* [Study material]:
=== Begin Enclosure ===

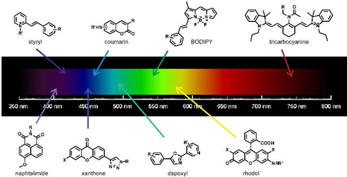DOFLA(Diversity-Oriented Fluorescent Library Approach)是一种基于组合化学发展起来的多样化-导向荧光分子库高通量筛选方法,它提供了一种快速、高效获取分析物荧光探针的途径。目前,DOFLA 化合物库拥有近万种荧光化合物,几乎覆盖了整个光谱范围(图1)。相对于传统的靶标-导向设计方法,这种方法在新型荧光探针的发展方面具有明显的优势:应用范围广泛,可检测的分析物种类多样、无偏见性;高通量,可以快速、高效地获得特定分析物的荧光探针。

=== End Enclosure ===
=== Begin Enclosure ===

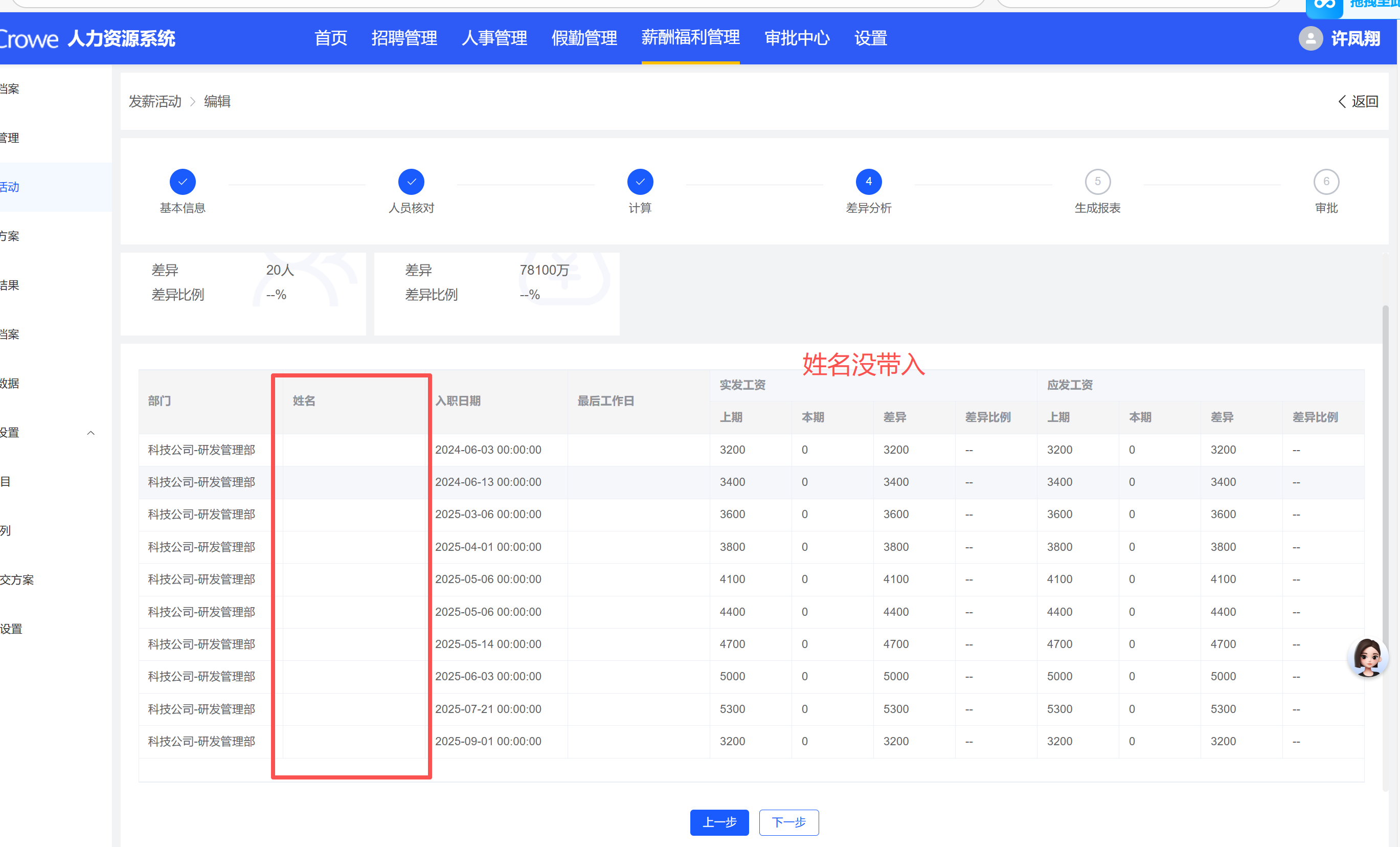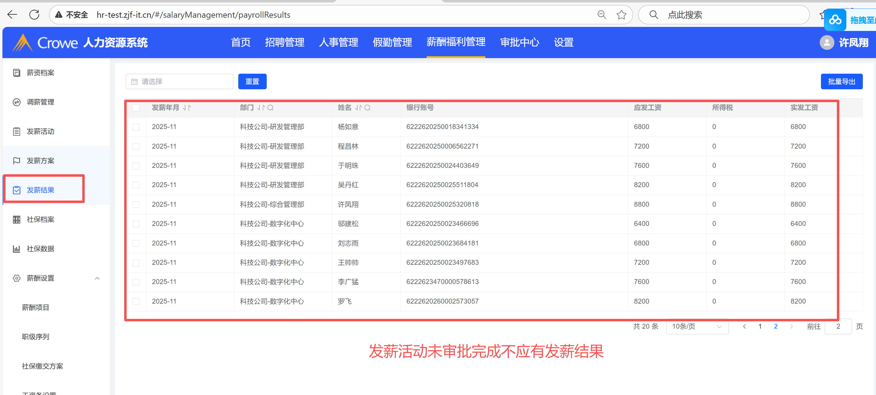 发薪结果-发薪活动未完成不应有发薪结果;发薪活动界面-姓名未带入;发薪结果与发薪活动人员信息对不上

=== End Enclosure ===
=== Begin Enclosure ===

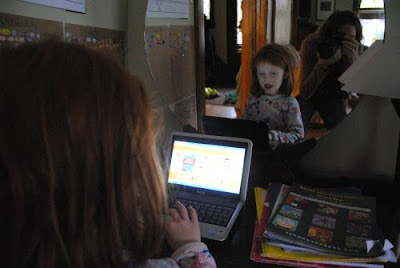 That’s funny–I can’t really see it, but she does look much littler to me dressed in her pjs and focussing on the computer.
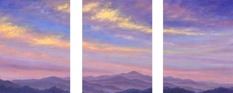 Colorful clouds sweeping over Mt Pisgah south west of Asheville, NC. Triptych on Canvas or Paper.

=== End Enclosure ===

* [Work to complete]: Would you copy, word for word, only the lines above from the one containing "That’s funny–I can’t" through the one containing "Colorful clouds sweeping", both included, and please leave out the pictures?

* [Solution below]:
 That’s funny–I can’t really see it, but she does look much littler to me dressed in her pjs and focussing on the computer.
 Colorful clouds sweeping over Mt Pisgah south west of Asheville, NC. Triptych on Canvas or Paper.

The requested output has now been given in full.